Thank you for the tip, I was chatting with Simon last week about this and he was kind enough to open the issue based on the problems we faced. I did try the nightly build and it does appear to improve the performance issues mentioned above; however for the full set of sensors I care to simulate (3 VLP16s and 10 cameras at 800x800), it struggled a bit to run in real-time even with the robot window closed, and the RTF would drop down to 0.4 randomly. With just a few cameras (5 or less) it seems to work ok, so I think the nightly build did fix this particular issue. @Simon-Steinmann can you try the nightly build as well and see how the performance changes, to confirm what I'm seeing?

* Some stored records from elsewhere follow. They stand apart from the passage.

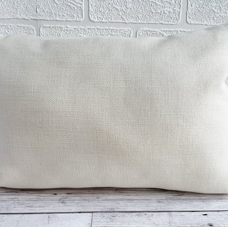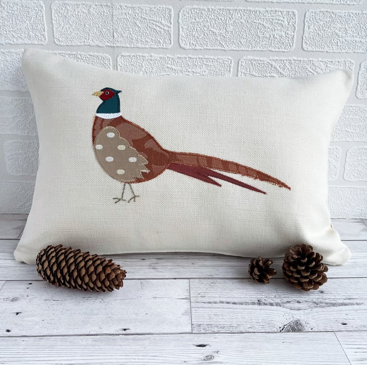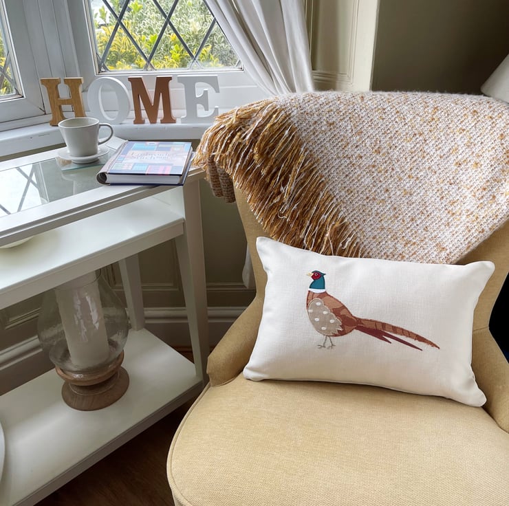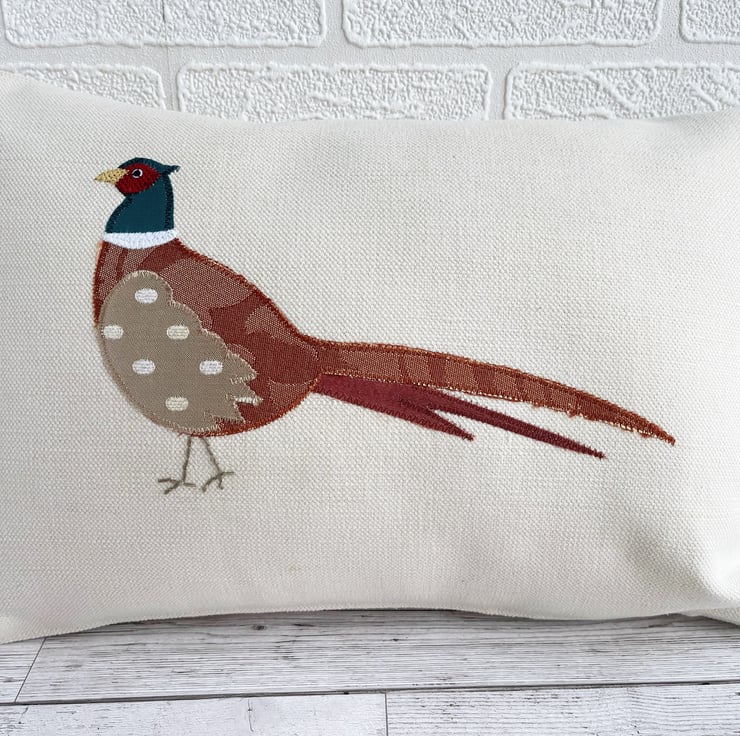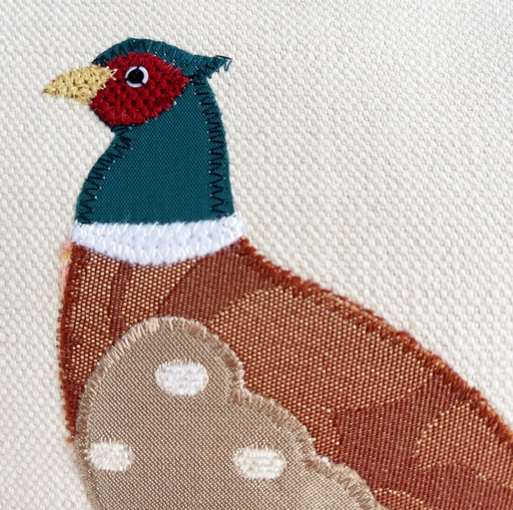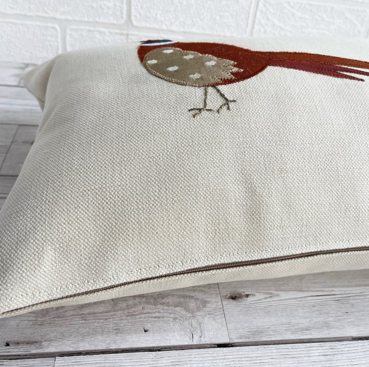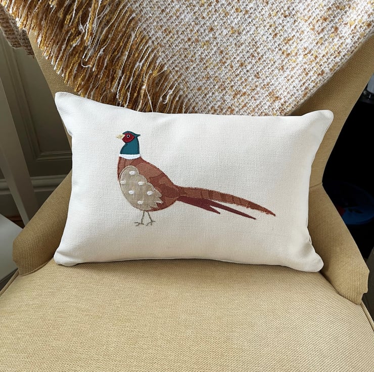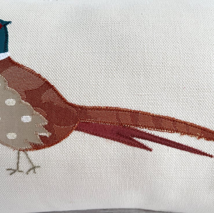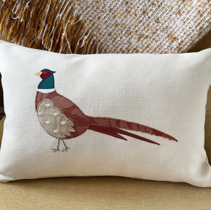 Pheasant cushion. A lovely rectangular cushion in cream fabric with an appliqué pheasant. This design was inspired by a trip to the North Yorkshire Moors where I saw lots of these lovely birds. The pheasant is made from a gorgeous russet patterned brocade fabric. His wing is made from gold fabric with a slight sheen and a raised pattern of white and cream textured spots. I’ve used teal and red fabrics for his head, along with a golden yellow beak and a strip of white felt for the white neck ring. For his eye, I’ve added a white sequin with a smaller black sequin on top. I’ve hand embroidered his legs in taupe thread. The cushion cover has a concealed zip along the bottom and comes with a polyester hollow fibre cushion pad, which conforms to safety regulations.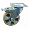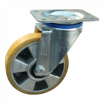 Dies ist eine Lenkrolle mit einem Gabel aus Stahl. Die Bremse ist vom Typ: Totalfeststeller, Nachlauf. Dies kann mit Befestigingsart „Platte“ befestigt werden. Die Bauhöhe beträgt 128 millimeter. Das Material der Felge ist Aluminium und der Lauffläche PU (RAL 1005 Honiggelb ist die Farbe). Das Rad hat einen Durchmesser von 100 millimeter und eine Breite von 30 millimeter. Die Nabenlänge beträgt 40 millimeter und die Achsbohrung hat einen Durchmesser von 15 millimeter. Die Tragfähigkeit beträgt 180 kilogram. Das Rad hat ein Kugellager als Lagerung.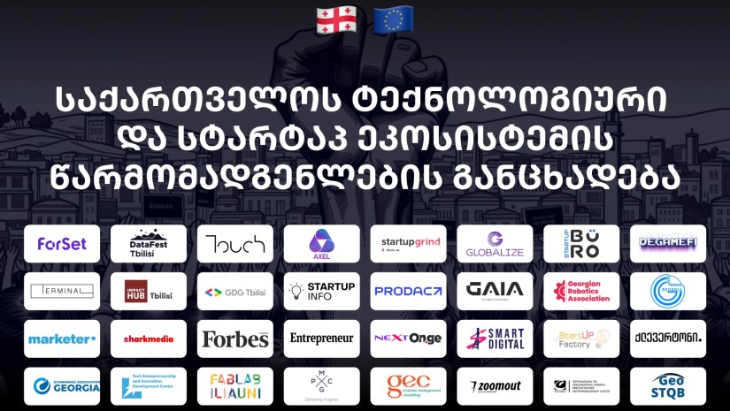 საქართველოს ტექნოლოგიური და სტარტაპ ეკოსისტემის წარმომადგენლების განცხადებას ავრცელებენ, რომელშიც აღნიშნულია, რომ ემიჯნებიან და გმობენ “ქართული ოცნების” ანტიევროპულ ნაბიჯებს და მშვიდობიან მომიტინგეებზე ძალადობას.

nrotella commented 3 years ago

My personal concern is not only with the ability to simulate these sensors with RTF>=1.0 within Webots, but also to stream them out to ROS2 without a big performance hit. From what I was seeing, simulating three VLP16s was fine (RTF>1.0) and adding a single 800x800 RGB camera put me at about RTF=1.0, however adding more camera streams would drop the simulation far below real-time. @Simon-Steinmann and I were thinking perhaps the camera data needs to be compressed, or maybe you can think of some other improvement to make camera streaming to ROS2 more efficient?

Simon-Steinmann commented 3 years ago

I did some more testing with the latest 2021b build. I have created this little test project. It runs the simulation for 10s with all sensors enabled, then enables all the sensors. The performance hit is still huge. Simply open the world to test it for yourself.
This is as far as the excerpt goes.